Background to the litigation
Ross, a competitor to Westlaw, made a legal-research search engine that uses artificial intelligence. To train its AI search tool, Ross wanted to use a database of legal questions and answers. Ross asked to license Westlaw’s content. But because Ross was its competitor, Thomson Reuters refused.
To train its AI search engine Ross made a deal with LegalEase to get training data in the form of “Bulk Memos.” Bulk Memos are lawyers’ compilations of legal questions with good and bad answers. LegalEase gave those lawyers a guide explaining how to create those questions using Westlaw headnotes, while clarifying that the lawyers should not just copy and paste headnotes directly into the questions. LegalEase sold Ross roughly 25,000 Bulk Memos, which Ross used to train its AI search tool. In essence, Ross built its competing product using Bulk Memos, which in turn were built from Westlaw headnotes. When Thomson Reuters found out, it sued Ross for copyright infringement.
The court’s decision
The court had little difficulty finding that thousands of Westlaw headnotes were protected by copyright, having met the relatively low level of creativity for a work to be “original. It found that thousands of bulk memos were infringing. The judge made this finding after doing a deep dive comparing the bulk memos to the Westlaw headnotes. He found thousands of them to be substantially similar as a result of copying and rejected the contention that the similarities were the result of copying from the underlying legal decisions. He also rejected that the copying was saved by merger or the scences a fair doctrines. The judge also found that Westlaw’s key number system used to organize its materials were original and protected by copyright.
The court also rejected Ross’s fair use defense.
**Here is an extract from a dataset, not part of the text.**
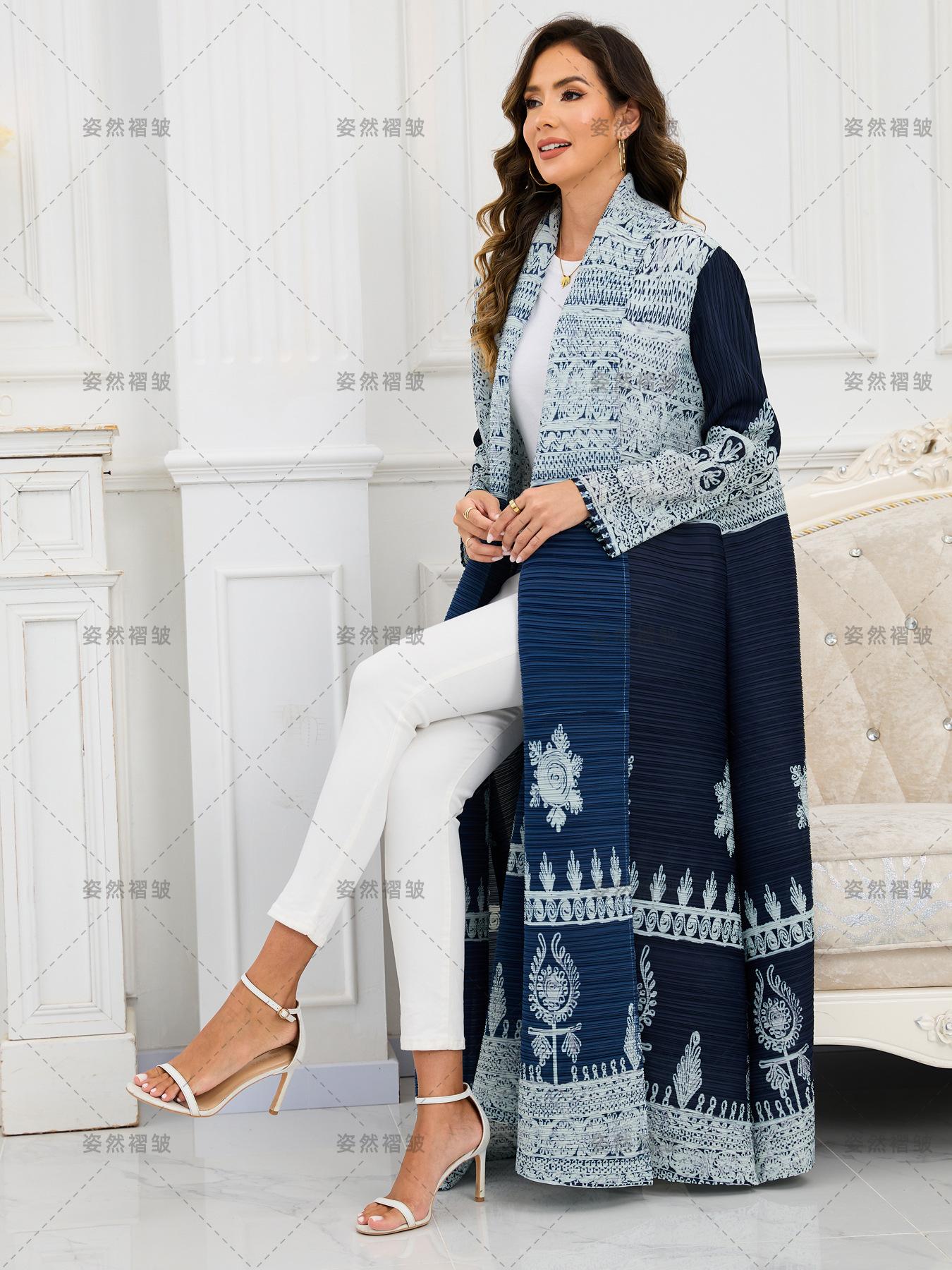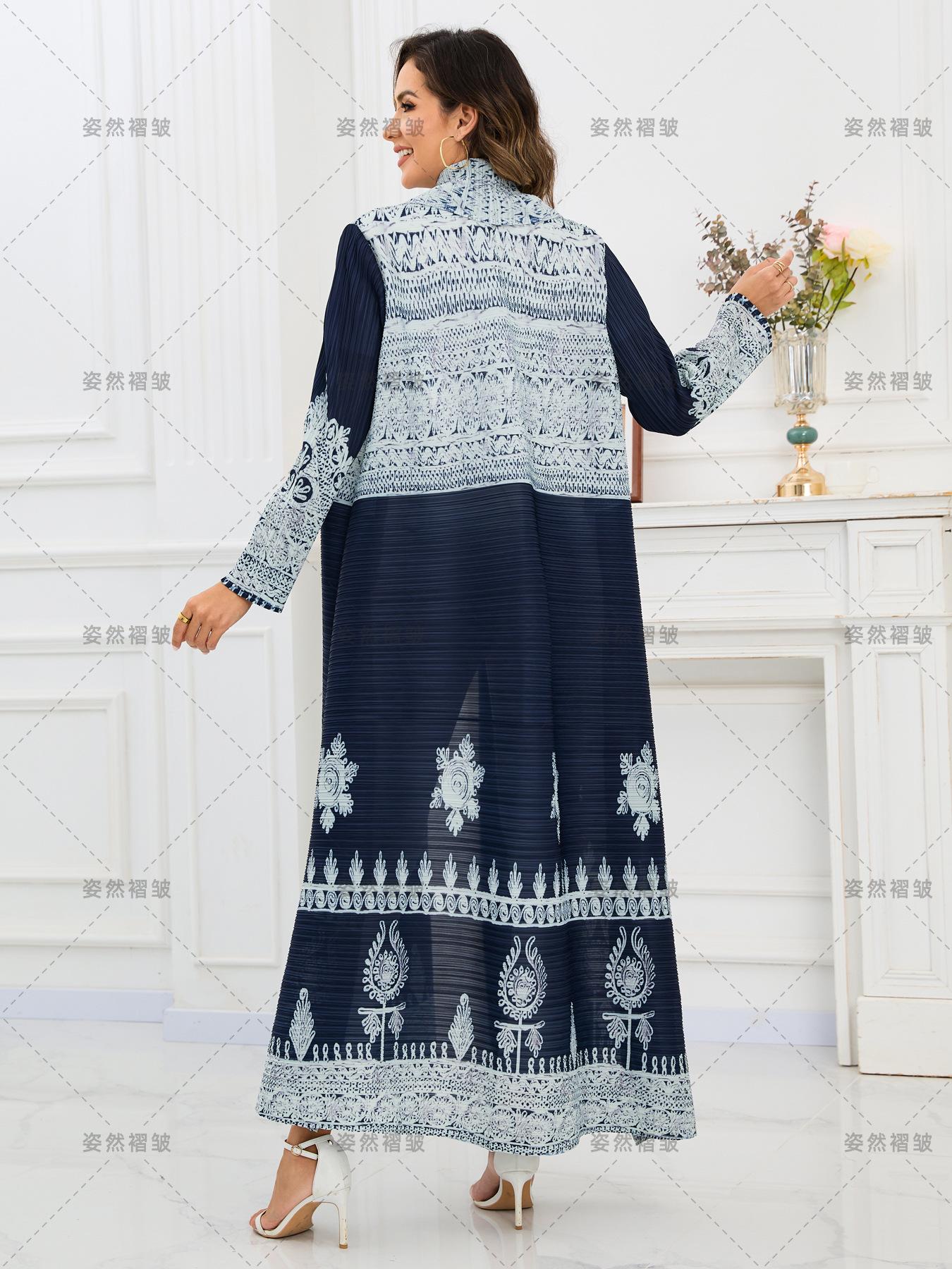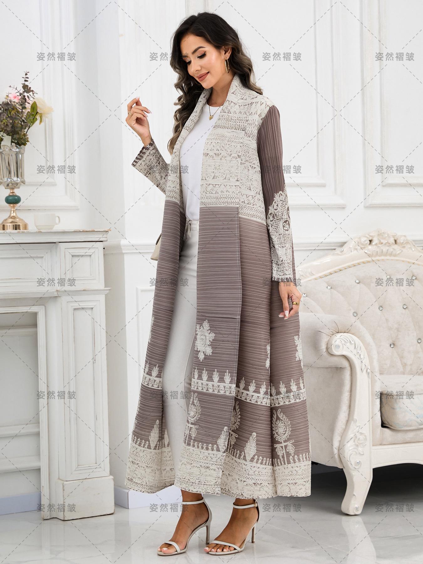 Medio Oriente Medio Oriente Ropa Abaya Moda Arabia Saudita Estampado Plisado Chaqueta Cárdigan Miyake Abaya

Under the U.S. copyright law, the courts must consider four non-exclusive fair use factors, namely, (1) the use’s purpose and character, including whether it is commercial or nonprofit; (2) the copyrighted work’s nature; (3) how much of the work was used and how substantial a part it was relative to the copyrighted work’s whole; and (4) how Ross’s use affected the copyrighted work’s value or potential market. The first and fourth factors weigh most heavily in the analysis. Authors Guild v. Google, Inc., 804 F.3d 202, 220 (2d Cir. 2015)
Factor 1 went to Thomson Reuters. Under this factor, the court examined the purpose and character of Ross’s use. “I look mainly at whether it was commercial and whether it was transformative. Andy Warhol Found. for the Visual Arts, Inc. v. Goldsmith, 598 U.S. 508, 529–31 (2023). If Ross and Thomson Reuters use copyrighted material like the headnotes for very similar purposes and Ross’s use is commercial, this factor likely disfavors fair use.”
The court found Ross’ use to be commercial and not transformative because Westlaw’s headnotes and the Ross copies shared the same or highly similar purposes. “Ross’s use is not transformative because it does not have a ‘further purpose or different character’ from Thomson Reuters’s.”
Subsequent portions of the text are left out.